Communications of the ACM
Computer Science Students Honored for Humanizing Robots With Humor
Natalie Muenster, Kate Park, and Annie Hu's paper on Laughbot won the Best Student Paper award at FICC 2018.
Credit: Stanford University
Thanks to the work of three computer science students, Siri could one day sound less like a robot and more like a human.
In an effort to make virtual assistants more relatable, Stanford seniors Kate Park, Annie Hu, and Natalie Muenster developed technology that can detect humor in spoken language and respond with laughter. They describe their research in "Laughbot: Detecting Humor in Spoken Language with Language and Audio Cues," which garnered the Best Student Paper award at FICC 2018, the Future of Information and Communication Conference.
Conversational agents like Siri and Alexa are growing in popularity thanks to their ability to carry out basic tasks like playing music and scheduling calendar invites. But the students say that the agents are not living up to their full potential.
"We thought we could push them to the next level—humanize them and equip them with humor detection," says Park. "Imagine if Siri laughed at your jokes!"

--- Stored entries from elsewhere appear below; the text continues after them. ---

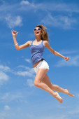 Piękna młoda kobieta z rozkoszą otworzyła dłonie na błękitne niebo
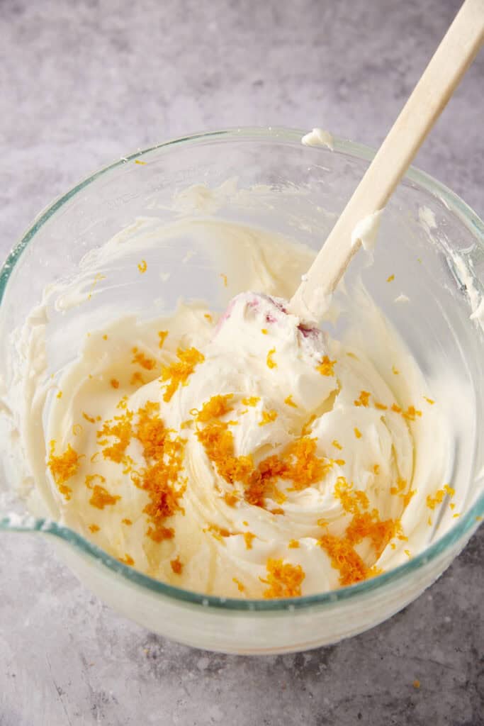 This frosting comes together in 5 minutes and is just as simple as making cream cheese frosting from scratch. It starts with a butter and cream cheese base, followed by powdered sugar, then orange zest, vanilla, and finally, fresh blackberries.
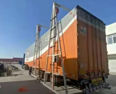 當貨車處于安全位置后,工作人員再把支架和微型環鏈電動葫蘆組合吊裝設備推移到貨車車廂上方,利用電動葫蘆把車廂內的重物吊運到高處,方便工作人員轉運貨物。
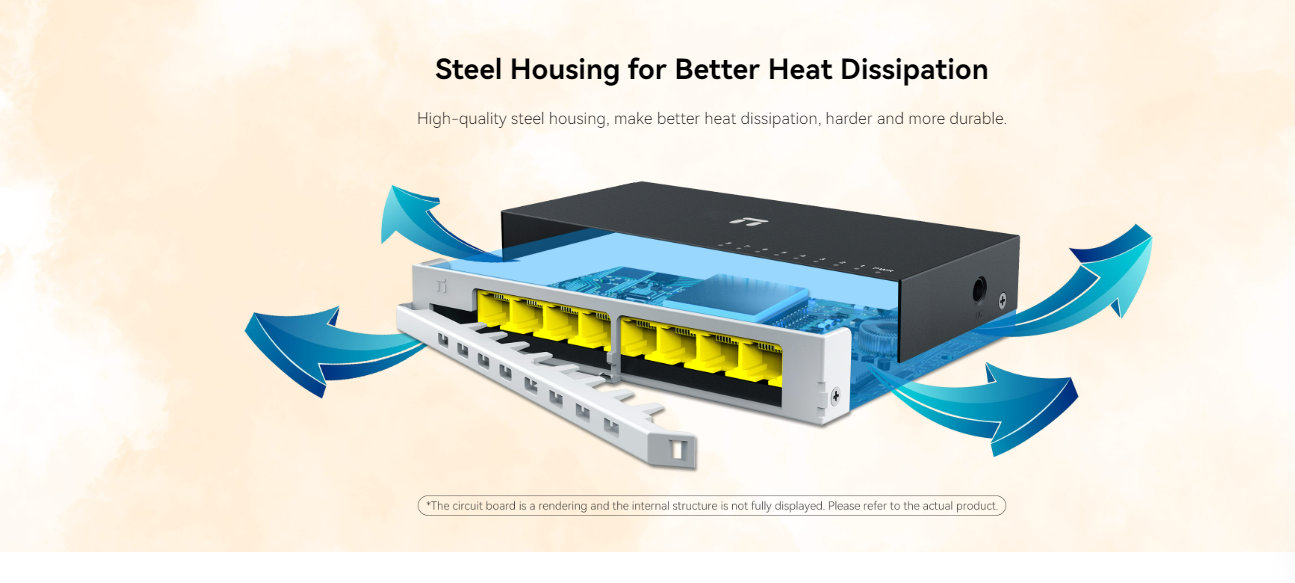 Chức năng sản phẩm Switch để bàn Gigabit 8 cổng TL-SG1008D của TP-LINK cung cấp cho bạn 1 giải pháp dễ dàng để chuyển đổi sang Ethernet Gigabit. Giúp tăng tốc độ máy chủ mạng

The program they built is called Laughbot. When launched, it prompts a user to speak into the computer's microphone. The bot transcribes the audio files using Google's speech application programming interface. It then runs the transcription and the original audio file through a model called a recurrent neural network. This step is what Muenster calls "the meat of the project."
Neural networks are algorithms that are inspired by the way a brain functions and enable a computer to learn a task by analyzing training examples. The system does this by finding patterns in the data that consistently correlate with a label, in this case, funny or not funny. Typically, a neural network assumes that input features are independent of one another. But when it comes to understanding speech, such as a funny statement, the model needs to understand words as a sequence, which is where recurrent neural networks come in.

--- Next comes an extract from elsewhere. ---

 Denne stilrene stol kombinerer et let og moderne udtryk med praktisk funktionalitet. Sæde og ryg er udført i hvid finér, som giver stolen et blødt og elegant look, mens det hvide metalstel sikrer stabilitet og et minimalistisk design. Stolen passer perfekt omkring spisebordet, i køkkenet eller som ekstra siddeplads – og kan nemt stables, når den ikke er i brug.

"A neural network is powerful because it has this concept of weights that we multiply into each input to tell the network how important the input is," says Hu. "Recurrent neural networks differ because they have 'memory,' which lets them take into account feedback loops."
The students' research began last spring as a project for CS224S Spoken Language Processing. After successfully testing Laughbot for their professors, Dan Jurafsky and Andrew Maas, the trio submitted their research paper to FICC 2018 in Singapore, where it was accepted. The paper was presented at the conference in April, and won the award for Best Student Paper.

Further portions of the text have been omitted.